==== TASK MATERIAL ====
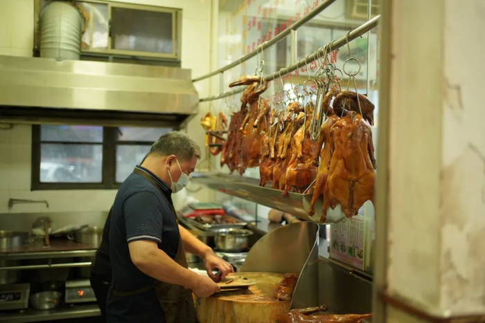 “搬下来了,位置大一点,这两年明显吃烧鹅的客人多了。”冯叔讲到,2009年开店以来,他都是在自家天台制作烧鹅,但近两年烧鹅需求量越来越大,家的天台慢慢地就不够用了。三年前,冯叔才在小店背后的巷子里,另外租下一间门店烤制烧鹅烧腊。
====
==== TASK MATERIAL ====
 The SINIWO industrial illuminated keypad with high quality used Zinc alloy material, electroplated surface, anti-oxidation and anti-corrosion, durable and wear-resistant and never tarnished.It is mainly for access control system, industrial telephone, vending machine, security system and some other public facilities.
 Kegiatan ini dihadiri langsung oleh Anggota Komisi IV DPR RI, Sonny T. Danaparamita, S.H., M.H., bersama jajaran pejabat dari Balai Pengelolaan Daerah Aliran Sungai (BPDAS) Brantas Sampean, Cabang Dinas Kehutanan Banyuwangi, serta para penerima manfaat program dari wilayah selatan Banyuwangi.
====
==== TASK MATERIAL ====
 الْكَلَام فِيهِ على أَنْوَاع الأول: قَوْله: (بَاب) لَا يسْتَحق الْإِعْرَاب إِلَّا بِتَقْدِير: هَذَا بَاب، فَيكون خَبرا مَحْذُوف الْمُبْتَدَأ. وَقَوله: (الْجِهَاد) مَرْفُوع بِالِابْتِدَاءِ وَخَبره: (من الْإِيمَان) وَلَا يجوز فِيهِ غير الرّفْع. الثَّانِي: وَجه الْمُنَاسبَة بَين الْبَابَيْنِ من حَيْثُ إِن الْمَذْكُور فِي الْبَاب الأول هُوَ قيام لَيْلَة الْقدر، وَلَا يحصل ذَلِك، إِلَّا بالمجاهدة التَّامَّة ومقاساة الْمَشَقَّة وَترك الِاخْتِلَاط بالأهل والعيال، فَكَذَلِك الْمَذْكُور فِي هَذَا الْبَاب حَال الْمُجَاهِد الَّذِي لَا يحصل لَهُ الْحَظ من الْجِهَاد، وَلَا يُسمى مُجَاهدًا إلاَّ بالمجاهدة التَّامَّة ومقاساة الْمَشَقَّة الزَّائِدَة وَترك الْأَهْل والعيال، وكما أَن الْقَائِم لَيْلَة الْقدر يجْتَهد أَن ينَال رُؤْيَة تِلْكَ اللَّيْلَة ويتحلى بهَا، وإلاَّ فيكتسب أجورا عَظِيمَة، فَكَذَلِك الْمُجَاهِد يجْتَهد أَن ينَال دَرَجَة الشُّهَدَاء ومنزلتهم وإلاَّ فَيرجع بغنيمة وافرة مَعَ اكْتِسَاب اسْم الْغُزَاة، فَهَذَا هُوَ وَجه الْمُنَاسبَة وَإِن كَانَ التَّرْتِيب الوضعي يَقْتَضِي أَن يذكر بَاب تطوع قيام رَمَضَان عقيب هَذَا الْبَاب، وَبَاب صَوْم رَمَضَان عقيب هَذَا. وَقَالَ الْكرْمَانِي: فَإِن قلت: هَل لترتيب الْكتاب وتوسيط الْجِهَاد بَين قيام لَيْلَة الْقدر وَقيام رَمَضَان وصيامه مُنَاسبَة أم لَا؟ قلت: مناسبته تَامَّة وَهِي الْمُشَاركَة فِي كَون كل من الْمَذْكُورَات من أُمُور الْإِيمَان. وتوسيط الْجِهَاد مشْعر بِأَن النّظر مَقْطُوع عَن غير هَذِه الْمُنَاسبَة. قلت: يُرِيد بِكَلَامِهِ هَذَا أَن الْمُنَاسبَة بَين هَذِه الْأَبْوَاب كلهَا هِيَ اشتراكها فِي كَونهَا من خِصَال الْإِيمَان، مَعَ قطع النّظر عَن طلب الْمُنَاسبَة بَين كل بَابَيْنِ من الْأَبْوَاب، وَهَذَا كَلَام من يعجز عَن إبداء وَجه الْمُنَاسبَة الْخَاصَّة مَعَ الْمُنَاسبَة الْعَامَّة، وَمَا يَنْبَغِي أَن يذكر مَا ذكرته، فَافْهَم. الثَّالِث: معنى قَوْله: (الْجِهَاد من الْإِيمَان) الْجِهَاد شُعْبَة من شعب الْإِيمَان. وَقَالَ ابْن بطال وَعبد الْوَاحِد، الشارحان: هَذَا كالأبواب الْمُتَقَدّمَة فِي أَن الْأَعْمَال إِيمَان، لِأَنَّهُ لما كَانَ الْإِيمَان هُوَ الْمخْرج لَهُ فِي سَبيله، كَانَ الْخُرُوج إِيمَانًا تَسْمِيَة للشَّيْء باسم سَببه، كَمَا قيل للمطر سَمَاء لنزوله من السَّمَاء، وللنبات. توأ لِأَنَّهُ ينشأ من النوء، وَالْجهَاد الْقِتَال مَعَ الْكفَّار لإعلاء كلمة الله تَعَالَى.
====
YOUR TASK: Above this instruction are the records; retype exactly the lines from the one containing "The SINIWO industrial" up to and including the one containing "Kegiatan ini dihadiri".

TASK SOLUTION:
 The SINIWO industrial illuminated keypad with high quality used Zinc alloy material, electroplated surface, anti-oxidation and anti-corrosion, durable and wear-resistant and never tarnished.It is mainly for access control system, industrial telephone, vending machine, security system and some other public facilities.
 Kegiatan ini dihadiri langsung oleh Anggota Komisi IV DPR RI, Sonny T. Danaparamita, S.H., M.H., bersama jajaran pejabat dari Balai Pengelolaan Daerah Aliran Sungai (BPDAS) Brantas Sampean, Cabang Dinas Kehutanan Banyuwangi, serta para penerima manfaat program dari wilayah selatan Banyuwangi.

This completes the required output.